Honeybees and Bumblebees
Honeybees live in large colonies of around 50,000 workers and produce great quantities of honey. Honeybees are not native to the United States; they traveled over from Europe with the first settlers. These bees are responsible for 80 percent of the pollination attributed to insects. Bumblebees live in smaller colonies, with just a few hundred workers, and produce small amounts of honey while protecting the queen bee as she lays eggs. Bumblebees get their name from the drone they produce in flight.
Sweat Bees
Sweat bees are unpopular bees due to their attraction to perspiration. These bees live in holes in the ground or in wood and create small colonies of a few queen bees who live together in separate cells within a single small nest. The nest has multiple entrances, each guarded by a bee. Sweat bees are attracted to the salty sweat from human skin, but they don't sting unless provoked -- and only females are capable of stinging.
Stingless Bees
Around 300 species of stingless bees or meliponines inhabit tropical and subtropical areas of the world. They get their name from having tiny stingers that are seldom used in defense. They build their colonies in hollow tree trunks and inside the crevices of large rocks, and are closely related to honeybees and bumblebees. Stingless bees also make honey and gather pollen like the stinging varieties of social bees.
Africanized Honeybees
Due to the fact that European honeybees didn't thrive well in the South American climates, scientists tried to blend the bloodlines of the African Honeybee with the European species. A few African honeybees escaped and have been breeding with and colonizing European honeybee sites ever since. These bees are extremely aggressive and attack in great numbers, without provocation.
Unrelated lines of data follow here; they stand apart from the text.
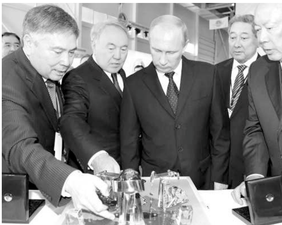
Президенты двух государств посетили выставку «Инновации в углеводородной сфере», в которой приняли участие около 60 казахстанских и российских компаний.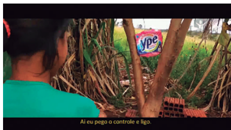
Figura 4 - Imagem do filme "Cordilheira de Amoras II" da diretora Jamilie Fortunato – Televisão imaginária

Seu imaginário construído envolve desde o desejo da casa própria, com televisão e computador até histórias em quadrinhos europeias, como a Chapeuzinho Vermelho, lidas em catálogos e revistas que vendem objetos de moda.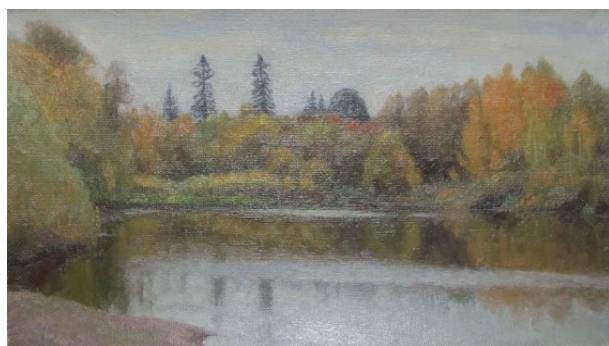
Ill. 22. Alexander Klyuev Autumn in Kemchik (1994). Oil on canvas 25×45 cm. 45×43 cm.

За последние несколько лет Чэнь Фэньюэ и его команда принимали более 200 российских художников в Харбине в рамках творческих обменов. Кроме того, он установил долгосрочные отношения сотрудничества с Москвой, Санкт-Петербургом и Академией художеств имени Ильи Репина в России, а также отредактировал и опубликовал десять томов двуязычной серии «Современные художники России» и «Современные графики России» (рис. 5).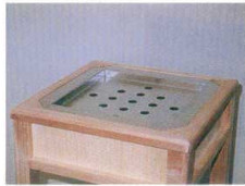
11-565-2 白木セット型 (灰皿付)(落し込み型) ¥ 138,000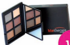
Tutto Brown 6 sombras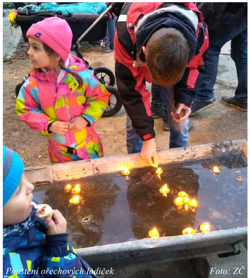
Pouštění ořechových lodiček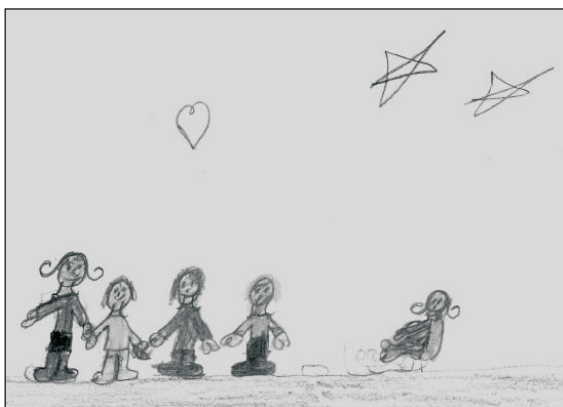
Figura 4. Criança 1, 10 anos. Desenhou a sua família composta pela mãe, o pai, oito irmãos (representados em dois) e a irmã brincando.

A presença “apagada” ou “turva” da figura paterna também foi percebida no estudo desenvolvido por Amazonas et al. (2003), no qual as autoras identificaram que em 70% das famílias investigadas o pai encontrava-se fragilizado devido ao desemprego, ao envolvimento com a polícia e/ou prisão, ao uso de drogas ou ao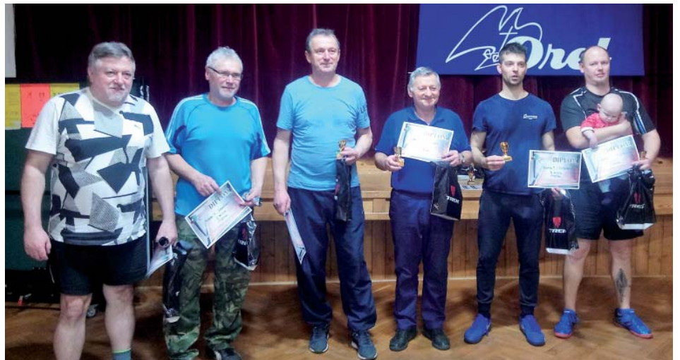
Čtyřhra se účastnilo osm dvojic.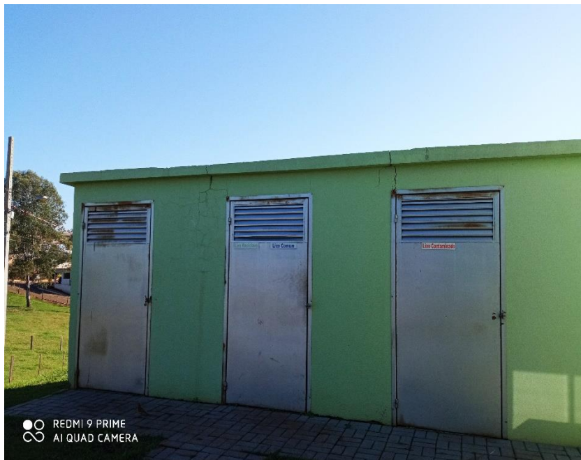
Figura 05 – Pintura externa e portas deposito de lixo;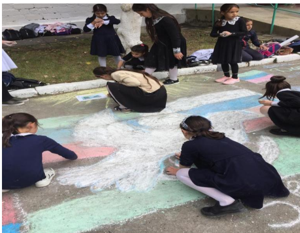
12.09 19г конкурс рисунков на асфальте

Africanized bees reproduce quickly and use all available resources as efficiently as possible before moving on to new territory.
Solitary Bees
Mason bees live in small families of one queen and a few males who breed with her, inside crevices in brick walls and rock piles. Leafcutter bees live inside hollow stems and tree bark. They also live as a family of a few males and a queen. Digger bees of the Apidae family often resemble colonizing bees because individual queens nest near each other in holes in the soil, but they raise larvae on their own.
References
- Innovateus: What Are the Different Types of Bees?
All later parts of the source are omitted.